Scepastopyga

Scientific classification
- Domain: Eukaryota
- Kingdom: Animalia
- Phylum: Arthropoda
- Class: Insecta
- Order: Diptera
- Family: Dolichopodidae
- Subfamily: Achalcinae
- Genus: Scepastopyga Grootaert & Meuffels, 1997
- Species: S. semiflava
- Binomial name: Scepastopyga semiflava Grootaert & Meuffels, 1997

= Scepastopyga =

- Authority: Grootaert & Meuffels, 1997
- Parent authority: Grootaert & Meuffels, 1997

Genus of flies

Scepastopyga is a genus of flies in the family Dolichopodidae.
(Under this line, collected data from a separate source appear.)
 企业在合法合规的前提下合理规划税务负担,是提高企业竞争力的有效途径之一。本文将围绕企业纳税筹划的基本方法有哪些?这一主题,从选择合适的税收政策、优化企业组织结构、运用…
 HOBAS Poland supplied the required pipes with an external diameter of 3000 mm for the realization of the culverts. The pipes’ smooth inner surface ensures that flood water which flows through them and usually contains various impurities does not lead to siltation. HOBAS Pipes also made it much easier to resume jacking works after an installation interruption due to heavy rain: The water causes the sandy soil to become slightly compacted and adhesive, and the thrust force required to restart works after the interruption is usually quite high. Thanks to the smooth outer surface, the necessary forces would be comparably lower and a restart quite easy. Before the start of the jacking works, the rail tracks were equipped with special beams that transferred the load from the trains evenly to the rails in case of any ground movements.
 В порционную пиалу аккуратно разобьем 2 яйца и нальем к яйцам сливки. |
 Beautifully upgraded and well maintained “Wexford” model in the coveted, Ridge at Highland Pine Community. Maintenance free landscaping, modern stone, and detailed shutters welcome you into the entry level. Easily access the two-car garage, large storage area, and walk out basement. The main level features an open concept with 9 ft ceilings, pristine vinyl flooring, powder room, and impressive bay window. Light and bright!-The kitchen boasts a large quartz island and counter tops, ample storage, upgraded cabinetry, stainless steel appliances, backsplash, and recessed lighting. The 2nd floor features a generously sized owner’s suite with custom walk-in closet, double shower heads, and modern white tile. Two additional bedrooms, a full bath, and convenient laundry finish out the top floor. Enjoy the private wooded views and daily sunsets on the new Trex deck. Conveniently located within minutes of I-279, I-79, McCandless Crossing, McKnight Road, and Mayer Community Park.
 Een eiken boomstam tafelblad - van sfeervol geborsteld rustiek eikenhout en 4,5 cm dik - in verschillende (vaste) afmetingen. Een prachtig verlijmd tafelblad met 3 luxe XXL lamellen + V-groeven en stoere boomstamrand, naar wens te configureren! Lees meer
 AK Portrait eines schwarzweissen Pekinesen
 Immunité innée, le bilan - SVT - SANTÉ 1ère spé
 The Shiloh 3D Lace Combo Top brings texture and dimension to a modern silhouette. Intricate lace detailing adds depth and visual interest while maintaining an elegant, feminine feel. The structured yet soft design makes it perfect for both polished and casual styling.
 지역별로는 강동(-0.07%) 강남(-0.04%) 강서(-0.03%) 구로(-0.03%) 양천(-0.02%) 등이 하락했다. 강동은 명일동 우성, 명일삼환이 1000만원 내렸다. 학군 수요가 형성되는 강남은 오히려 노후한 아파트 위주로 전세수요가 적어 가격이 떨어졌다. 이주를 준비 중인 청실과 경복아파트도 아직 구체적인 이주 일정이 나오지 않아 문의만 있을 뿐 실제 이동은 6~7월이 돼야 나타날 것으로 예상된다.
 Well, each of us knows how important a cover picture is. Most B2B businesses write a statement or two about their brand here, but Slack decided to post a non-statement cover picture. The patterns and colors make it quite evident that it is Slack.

There is only one described species, Scepastopyga semiflava, which was described from Papua New Guinea by Patrick Grootaert and Henk J. G. Meuffels in 1997. An unidentified species of Scepastopyga was reported from Singapore in 2002, which is thought to show that the genus may be distributed across the Malesian Archipegalo. The fly is small, with a body length of about 2 mm, and is coloured yellow or brown without a metallic gloss.

The generic name is derived from the Ancient Greek words σκεπαστός (skepastós, "covered") and πυγή (pūgḗ, "rump").